EXERCISE AIM: Find the line with "These no slip" in the entries below, then output every line from it down to the line with "A Landscape With", exactly and with no pictures.

INFORMATION GIVEN:
____________

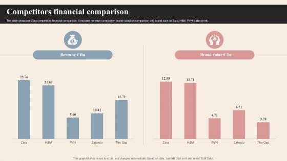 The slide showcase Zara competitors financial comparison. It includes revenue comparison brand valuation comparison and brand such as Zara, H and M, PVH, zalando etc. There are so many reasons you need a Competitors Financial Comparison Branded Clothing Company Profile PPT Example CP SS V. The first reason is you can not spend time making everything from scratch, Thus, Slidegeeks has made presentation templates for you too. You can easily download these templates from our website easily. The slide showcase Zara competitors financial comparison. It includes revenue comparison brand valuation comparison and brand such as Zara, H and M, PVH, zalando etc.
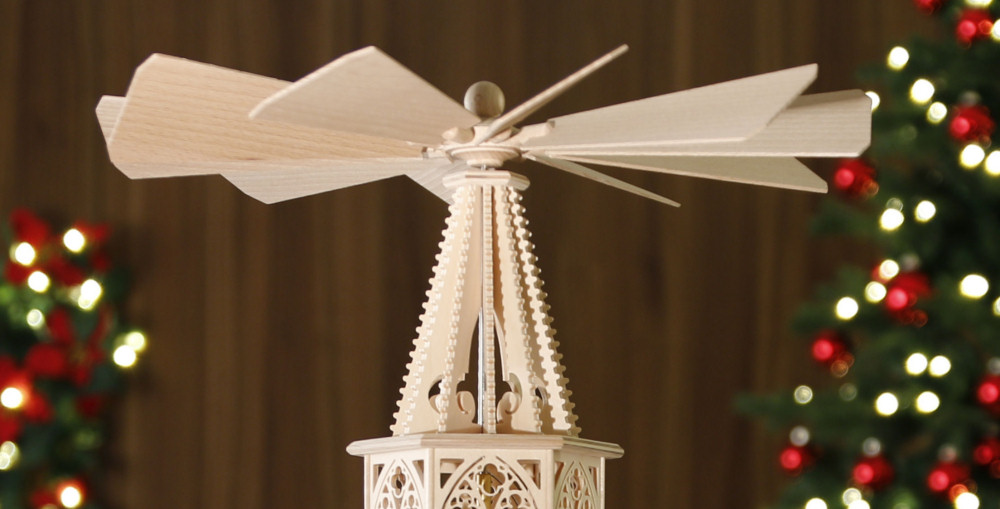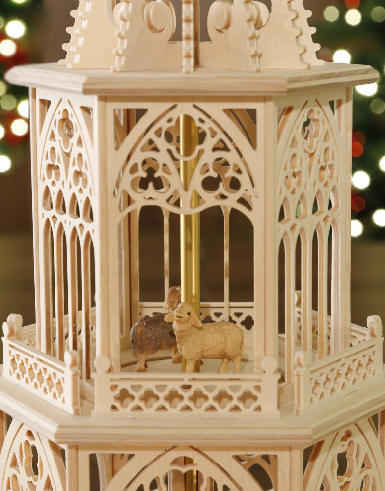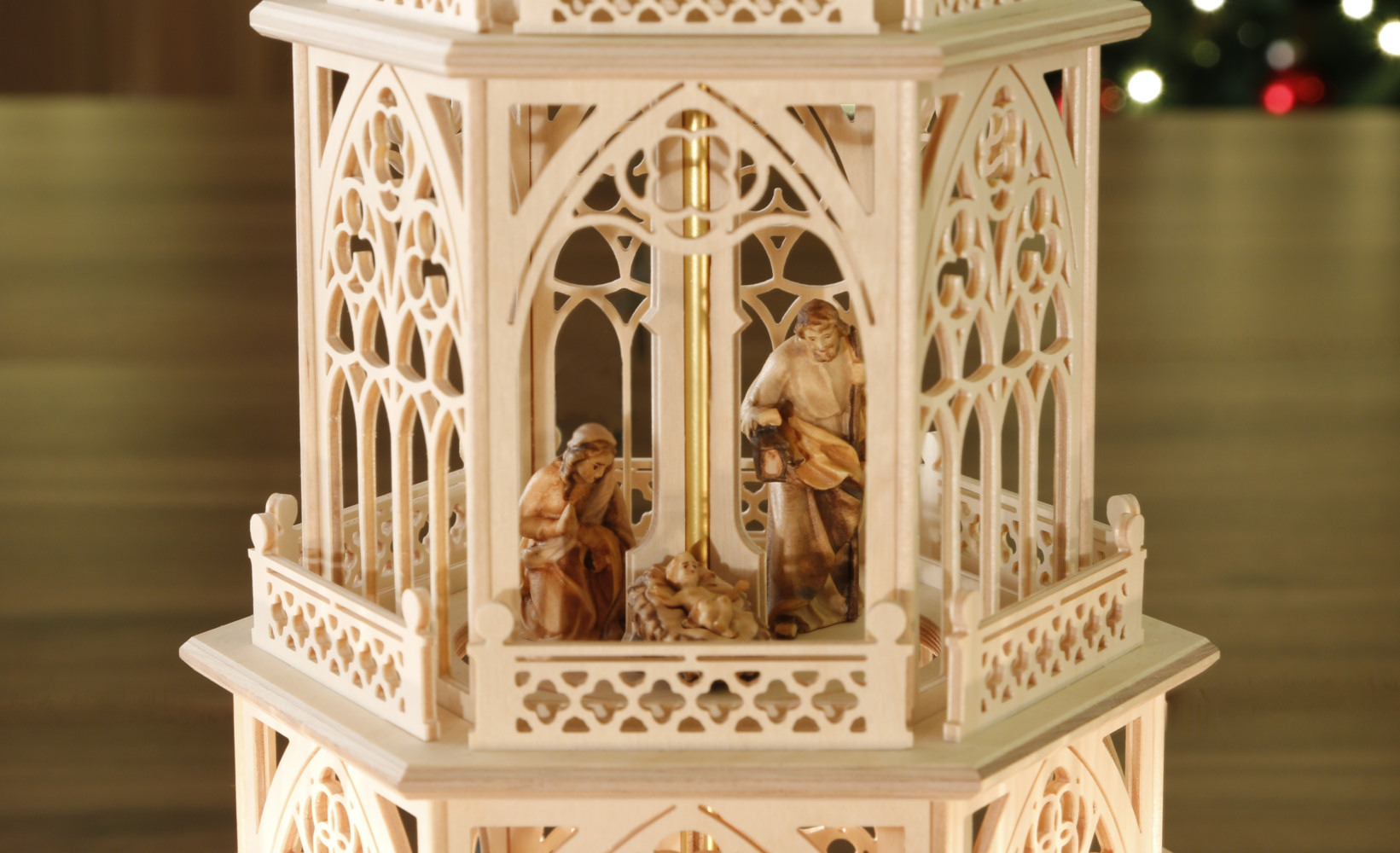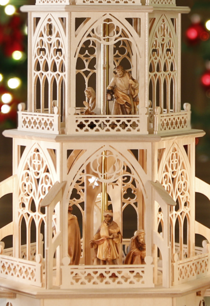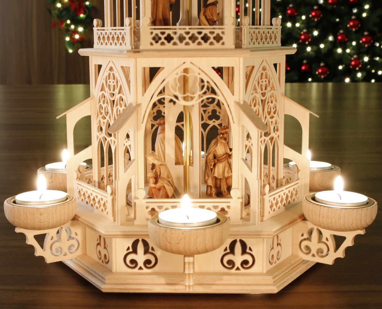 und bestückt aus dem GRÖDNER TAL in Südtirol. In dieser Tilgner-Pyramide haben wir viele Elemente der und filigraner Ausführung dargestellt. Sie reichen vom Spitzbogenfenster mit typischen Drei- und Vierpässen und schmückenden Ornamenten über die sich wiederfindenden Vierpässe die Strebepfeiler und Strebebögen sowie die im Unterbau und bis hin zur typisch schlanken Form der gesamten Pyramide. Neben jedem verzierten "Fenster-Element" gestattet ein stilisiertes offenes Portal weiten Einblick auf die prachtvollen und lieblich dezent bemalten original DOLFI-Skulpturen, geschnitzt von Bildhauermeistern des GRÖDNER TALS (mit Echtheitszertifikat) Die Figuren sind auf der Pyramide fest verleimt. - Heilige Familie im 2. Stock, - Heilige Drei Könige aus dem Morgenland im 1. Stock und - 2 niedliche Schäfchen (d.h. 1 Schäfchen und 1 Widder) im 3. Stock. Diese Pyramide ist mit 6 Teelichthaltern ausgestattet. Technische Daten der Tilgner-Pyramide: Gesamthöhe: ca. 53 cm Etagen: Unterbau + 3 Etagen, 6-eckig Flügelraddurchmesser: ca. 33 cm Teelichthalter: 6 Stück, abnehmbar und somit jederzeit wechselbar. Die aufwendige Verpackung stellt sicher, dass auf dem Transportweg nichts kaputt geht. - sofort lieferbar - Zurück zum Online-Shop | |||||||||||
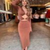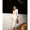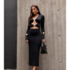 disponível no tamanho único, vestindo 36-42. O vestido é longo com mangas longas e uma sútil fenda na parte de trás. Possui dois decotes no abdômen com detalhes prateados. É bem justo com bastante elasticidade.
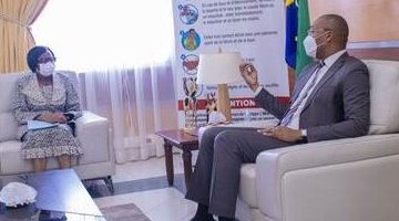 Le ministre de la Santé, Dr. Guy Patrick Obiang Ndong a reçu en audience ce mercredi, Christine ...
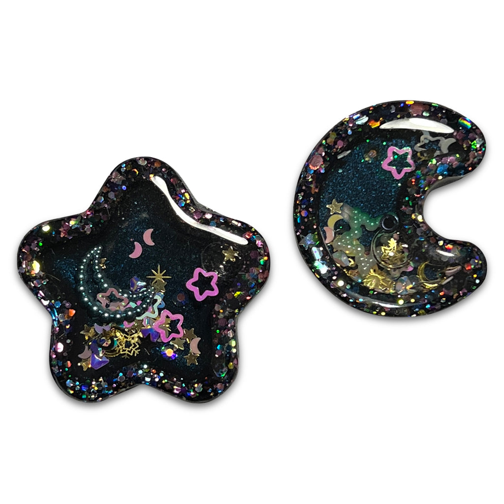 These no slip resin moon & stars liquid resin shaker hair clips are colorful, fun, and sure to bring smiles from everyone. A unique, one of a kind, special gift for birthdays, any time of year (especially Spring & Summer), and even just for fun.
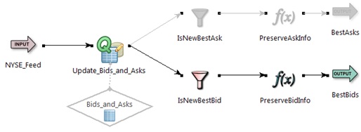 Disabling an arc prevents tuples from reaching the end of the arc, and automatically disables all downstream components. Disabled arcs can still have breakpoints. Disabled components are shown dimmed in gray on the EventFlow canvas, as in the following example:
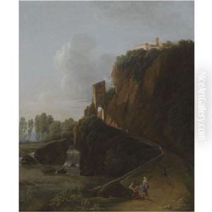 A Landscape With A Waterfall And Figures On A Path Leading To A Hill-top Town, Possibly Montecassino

____________

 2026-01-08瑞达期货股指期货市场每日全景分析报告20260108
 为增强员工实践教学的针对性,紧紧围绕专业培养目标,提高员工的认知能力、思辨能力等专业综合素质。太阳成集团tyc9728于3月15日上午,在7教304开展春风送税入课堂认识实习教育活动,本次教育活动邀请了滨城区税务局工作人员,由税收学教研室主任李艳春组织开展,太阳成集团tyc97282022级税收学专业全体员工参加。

____________

WRITTEN RESPONSE:
 These no slip resin moon & stars liquid resin shaker hair clips are colorful, fun, and sure to bring smiles from everyone. A unique, one of a kind, special gift for birthdays, any time of year (especially Spring & Summer), and even just for fun.
 Disabling an arc prevents tuples from reaching the end of the arc, and automatically disables all downstream components. Disabled arcs can still have breakpoints. Disabled components are shown dimmed in gray on the EventFlow canvas, as in the following example:
 A Landscape With A Waterfall And Figures On A Path Leading To A Hill-top Town, Possibly Montecassino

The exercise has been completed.